WORK TO COMPLETE – Reproduce the entire listing exactly. Leave the pictures out.

PROVIDED MATERIAL –

━━━━━━━━━━━━━━━━━━━━

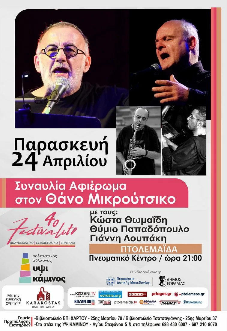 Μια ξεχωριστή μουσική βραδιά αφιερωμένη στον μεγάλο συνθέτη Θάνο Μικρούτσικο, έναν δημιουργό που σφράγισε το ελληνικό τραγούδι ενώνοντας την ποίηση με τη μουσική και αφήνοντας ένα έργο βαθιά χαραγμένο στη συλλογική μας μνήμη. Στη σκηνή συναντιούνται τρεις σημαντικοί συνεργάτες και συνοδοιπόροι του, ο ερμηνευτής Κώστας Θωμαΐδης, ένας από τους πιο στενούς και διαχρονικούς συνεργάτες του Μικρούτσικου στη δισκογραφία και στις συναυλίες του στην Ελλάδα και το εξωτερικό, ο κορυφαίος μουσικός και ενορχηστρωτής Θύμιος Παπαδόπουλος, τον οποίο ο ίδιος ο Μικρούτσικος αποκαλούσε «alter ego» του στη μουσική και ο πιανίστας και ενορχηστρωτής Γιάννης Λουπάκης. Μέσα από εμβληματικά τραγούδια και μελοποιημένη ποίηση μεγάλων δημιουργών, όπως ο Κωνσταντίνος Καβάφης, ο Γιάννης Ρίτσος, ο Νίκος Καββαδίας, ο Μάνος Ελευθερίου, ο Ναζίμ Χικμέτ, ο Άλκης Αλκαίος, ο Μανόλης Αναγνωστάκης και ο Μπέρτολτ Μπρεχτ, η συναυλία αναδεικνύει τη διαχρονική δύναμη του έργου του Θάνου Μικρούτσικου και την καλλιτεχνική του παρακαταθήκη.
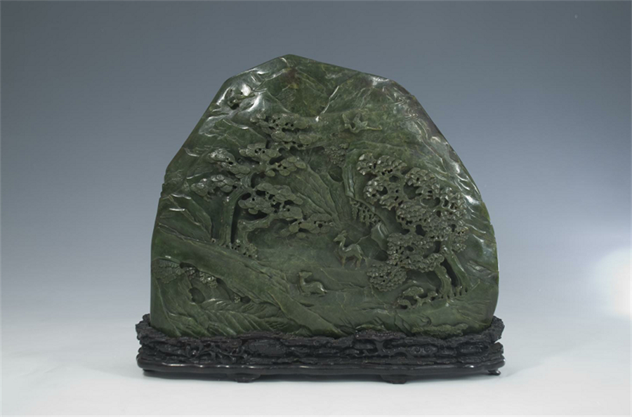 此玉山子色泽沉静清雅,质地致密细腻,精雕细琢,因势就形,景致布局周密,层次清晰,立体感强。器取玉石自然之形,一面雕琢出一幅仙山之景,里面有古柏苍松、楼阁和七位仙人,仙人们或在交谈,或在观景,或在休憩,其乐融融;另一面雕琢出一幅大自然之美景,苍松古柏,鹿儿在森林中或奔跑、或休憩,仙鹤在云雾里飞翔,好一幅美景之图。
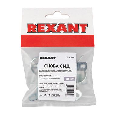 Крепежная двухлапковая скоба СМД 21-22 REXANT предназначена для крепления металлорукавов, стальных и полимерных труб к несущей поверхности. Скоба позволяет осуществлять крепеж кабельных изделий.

━━━━━━━━━━━━━━━━━━━━

RESPONSE –
 Μια ξεχωριστή μουσική βραδιά αφιερωμένη στον μεγάλο συνθέτη Θάνο Μικρούτσικο, έναν δημιουργό που σφράγισε το ελληνικό τραγούδι ενώνοντας την ποίηση με τη μουσική και αφήνοντας ένα έργο βαθιά χαραγμένο στη συλλογική μας μνήμη. Στη σκηνή συναντιούνται τρεις σημαντικοί συνεργάτες και συνοδοιπόροι του, ο ερμηνευτής Κώστας Θωμαΐδης, ένας από τους πιο στενούς και διαχρονικούς συνεργάτες του Μικρούτσικου στη δισκογραφία και στις συναυλίες του στην Ελλάδα και το εξωτερικό, ο κορυφαίος μουσικός και ενορχηστρωτής Θύμιος Παπαδόπουλος, τον οποίο ο ίδιος ο Μικρούτσικος αποκαλούσε «alter ego» του στη μουσική και ο πιανίστας και ενορχηστρωτής Γιάννης Λουπάκης. Μέσα από εμβληματικά τραγούδια και μελοποιημένη ποίηση μεγάλων δημιουργών, όπως ο Κωνσταντίνος Καβάφης, ο Γιάννης Ρίτσος, ο Νίκος Καββαδίας, ο Μάνος Ελευθερίου, ο Ναζίμ Χικμέτ, ο Άλκης Αλκαίος, ο Μανόλης Αναγνωστάκης και ο Μπέρτολτ Μπρεχτ, η συναυλία αναδεικνύει τη διαχρονική δύναμη του έργου του Θάνου Μικρούτσικου και την καλλιτεχνική του παρακαταθήκη.
 此玉山子色泽沉静清雅,质地致密细腻,精雕细琢,因势就形,景致布局周密,层次清晰,立体感强。器取玉石自然之形,一面雕琢出一幅仙山之景,里面有古柏苍松、楼阁和七位仙人,仙人们或在交谈,或在观景,或在休憩,其乐融融;另一面雕琢出一幅大自然之美景,苍松古柏,鹿儿在森林中或奔跑、或休憩,仙鹤在云雾里飞翔,好一幅美景之图。
 Крепежная двухлапковая скоба СМД 21-22 REXANT предназначена для крепления металлорукавов, стальных и полимерных труб к несущей поверхности. Скоба позволяет осуществлять крепеж кабельных изделий.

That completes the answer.